Las Vegas Sun

April 29, 2024

Where I Stand:

Mud, muck set off climate alarm at stormy Burning Man in Nevada

Burning Man 2023

Stringr via AP

In this image from video provided by Stringr, festival goers are helped off a truck from the Burning Man festival site in Black Rock, Nev., on Monday, Sept. 4, 2023. An unusual late-summer storm stranded thousands at the week-long event.

The more things change, the more they stay the same.

How many times have you heard that one? There is a reason we hear it from generation to generation and from person to person as a way of explaining the obvious.

Because it used to be true!

Now, I don’t know if this is one of those immutable, never-changing, set-in-stone kind of sayings that has constantly defined the human condition because if it is, it doesn’t feel that way anymore.

By way of explanation, let’s start with the change in climate. No one, other than a few people stuck in reverse on the Fox News Channel, believes that our climate isn’t changing. Just how much is caused by human activity may be up for debate around the edges, but the fact that man has contributed mightily to what may be our own sped-up demise at the hands of Mother Nature is not in dispute.
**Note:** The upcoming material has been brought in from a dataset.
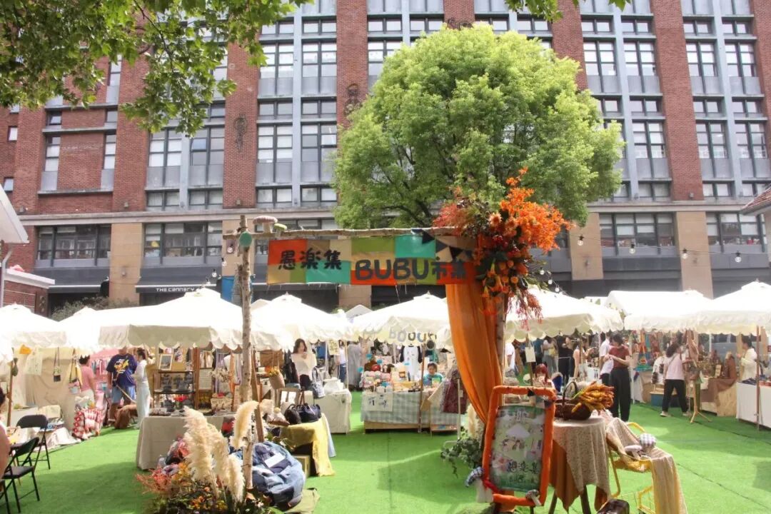 继续前行,来到愚园路1088弄的创邑SPACE,草坪上举办的“愚楽集·BuBu 市集”可谓是秋日惊喜:3大打卡点位、1大体验区,再加上24个独立品牌铺位,涵盖手工美学、绘画手账、钩线织物、扎染蓝染等特色好物,既能购物打卡,又能感受大树下的草坪慢生活,惬意十足。

To prove my point, we don’t have to look at the science of climate, which has just recorded the three hottest months in the history of the world with the certainty of many more months and years to come.

And I quote from most reputable sources: “Global sea surface temperatures are at unprecedented highs for the third consecutive month.” And, “The global annual average atmospheric carbon dioxide concentration ... was 50% greater than the pre-industrial level ... the highest measured amount in the modern observational records as well as in paleoclimatic records dating back as far as 800,000 years.”
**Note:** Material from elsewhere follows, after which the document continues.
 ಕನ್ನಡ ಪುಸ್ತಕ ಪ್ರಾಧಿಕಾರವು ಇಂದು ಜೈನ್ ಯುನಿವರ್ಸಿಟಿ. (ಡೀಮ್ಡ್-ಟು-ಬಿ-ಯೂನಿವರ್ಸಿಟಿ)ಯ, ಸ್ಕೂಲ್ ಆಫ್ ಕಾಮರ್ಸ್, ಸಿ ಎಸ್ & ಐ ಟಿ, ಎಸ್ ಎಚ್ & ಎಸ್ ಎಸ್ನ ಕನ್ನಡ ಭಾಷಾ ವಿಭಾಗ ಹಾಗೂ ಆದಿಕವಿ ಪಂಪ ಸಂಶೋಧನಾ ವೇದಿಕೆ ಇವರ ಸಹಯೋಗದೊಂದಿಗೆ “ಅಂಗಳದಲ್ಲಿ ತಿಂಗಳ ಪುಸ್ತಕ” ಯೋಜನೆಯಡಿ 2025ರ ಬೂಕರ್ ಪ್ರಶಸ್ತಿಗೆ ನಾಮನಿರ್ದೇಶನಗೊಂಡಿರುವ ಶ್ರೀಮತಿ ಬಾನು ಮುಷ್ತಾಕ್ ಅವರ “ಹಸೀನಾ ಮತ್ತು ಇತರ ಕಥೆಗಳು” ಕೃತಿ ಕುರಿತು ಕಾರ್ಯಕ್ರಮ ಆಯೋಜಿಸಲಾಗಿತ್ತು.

No, we don’t have to pay attention to what all the scientists are telling us. Even though that is what we have always done. That’s the part about things staying the same through periods of great change. Instead, we seem to be ignoring science as a matter of right — far right — as in Florida, where ocean water temperatures are higher and the resulting hurricanes are stronger, and the damage more devastating than ever.
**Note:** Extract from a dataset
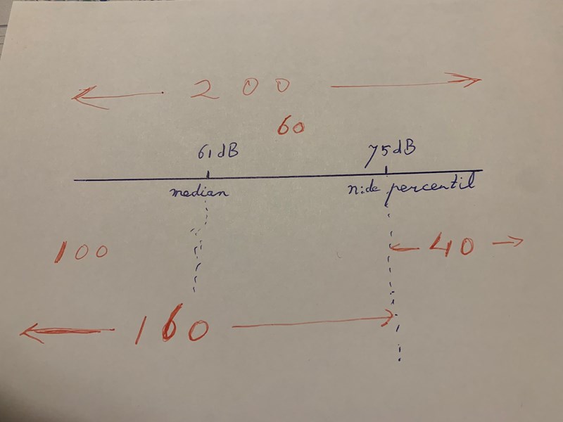 Medianen är 61 decibel och det är totalt  200 mätningar, alltså 100 under 61 dB och 100 över 61dB. Visst?

But we are not in Florida or anywhere — thankfully — where destruction from climate change continues on its increasingly deadly path.

Wait, check that last statement.

We are in Nevada, where the worst that happens on a yearly basis is a 40-foot man getting burned to the ground in an artistic ritual witnessed by tens of thousands of people from all over the world who have nothing better to do than tune-in and drop-out for a few days.

And they do this in the middle of the Nevada desert hundreds of miles from nowhere, where nothing happens and nothing has happened for the past million years or so. Talk about things never changing and staying the same!

That is until last week. Did you hear the one about the Burning Man who was knee deep in mud and unable to move?

Yep, somehow the winds and rains of change managed to find some 70,000 people holed up in the desert in some really fancy campers — very few of which could drive through the mud — and ruined what was otherwise supposed to be the annual communing with the very nature of man.

In rains that poured months’ worth of water onto the desert floor in a matter of hours, man witnessed firsthand the “science” of climate change and the potential for harm to our species that such change portends.

The question is: Will things continue to remain the same — as in we do nothing but talk with no significant action — or will man, woman and anyone else who denies our part in this slow-rolling destruction of our planet finally change their ways and demand action?

In the end, the people climbed out of the mud and the muck and burned that 40-foot man down.

It was just as they have done for decades.

On a land which time seems to have forgotten except for once a year, what happened this year will probably never be forgotten. Was that “things staying the same” in the face of great change?

I hope not. We should all hope not because out here in Nevada, we should be smart enough to learn our lesson the first time it buries us in mud.